The point that I'm at right now is a difficult one. I may sound like I'm complaining here, and I'm really not- just being honest and I'm reflecting on what other mothers have felt like. Right now, I'm not feeling like a good mother, or a very good wife for that matter. And, it's frustrating because my body isn't doing what I want it to do, and is no longer capable of functioning the way I want it to. Essentially, my body is not my own right now. Simple tasks like bending over and picking up my children's toys make me short of breath. Getting off of the couch takes time. When I'm trying to sleep, I can't get comfortable because my lower back hurts, and that whole body pillow idea does not work. And by 6:00pm, I'm exhausted and so very greatful that my amazing husband is usually home or at least on his way home. My iron has been low- causing fatigue, and even though I'm taking iron supplements, the fatigue is still there. And, I'm measuring big, which means I probably have a lot of extra fluid- a condition I had with Teddy which was not a real concern, just made me all the more uncomfortable for the last 2 months of my pregnancy.

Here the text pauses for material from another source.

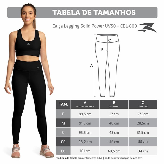 - A Calça Legging Solid Power é recomendada para atividades esportivas diversas, especialmente de fitness e running. - Confeccionado em tecido de gramatura superior e com elasticidade equilibrada para que haja uma boa sustentação, sem prejudicar os exercícios e não apresentar transparência durantes os movimentos. - Também possui boa respirabilidade e toque suave, que evita assaduras e não machuca a pele, além de contar com proteção FPS UV 50+. - Com modelagem simples e eficiente, não possui recortes e costuras em demasia, evitando assim atrito desnecessário com a pele. - Embalagem: Saco Plástico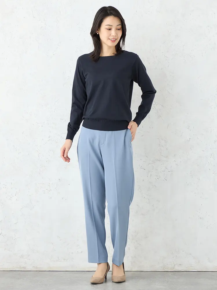 程よくフィット感のあるシルエットで、ジャケットやコートを羽織ってもモタつきにくいのが特徴。

I struggle to get up in the morning, and I haven't seen my feet in a couple of months. And, when I look in the mirror, I wonder how there is any way that I can get bigger, and I worry about how that will effect my energy. If it's this low now, how will it be then? My mind is a bit frazzled, and I am more forgetful, and even more indecisive than usual.

With all of this in mind, it's very easy to feel sorry for myself, because the sum-total of all of this is that I'm just not myself. I'm really not sure where I went. And, I have to remind myself that all of this is worth it. After all, there is a human being growing inside of me; a miracle a gift. So, when I need to sit down, I'm going to sit down. When I need to sleep, I'm going to try to sleep and forget about the laundry or the dishes in the sink.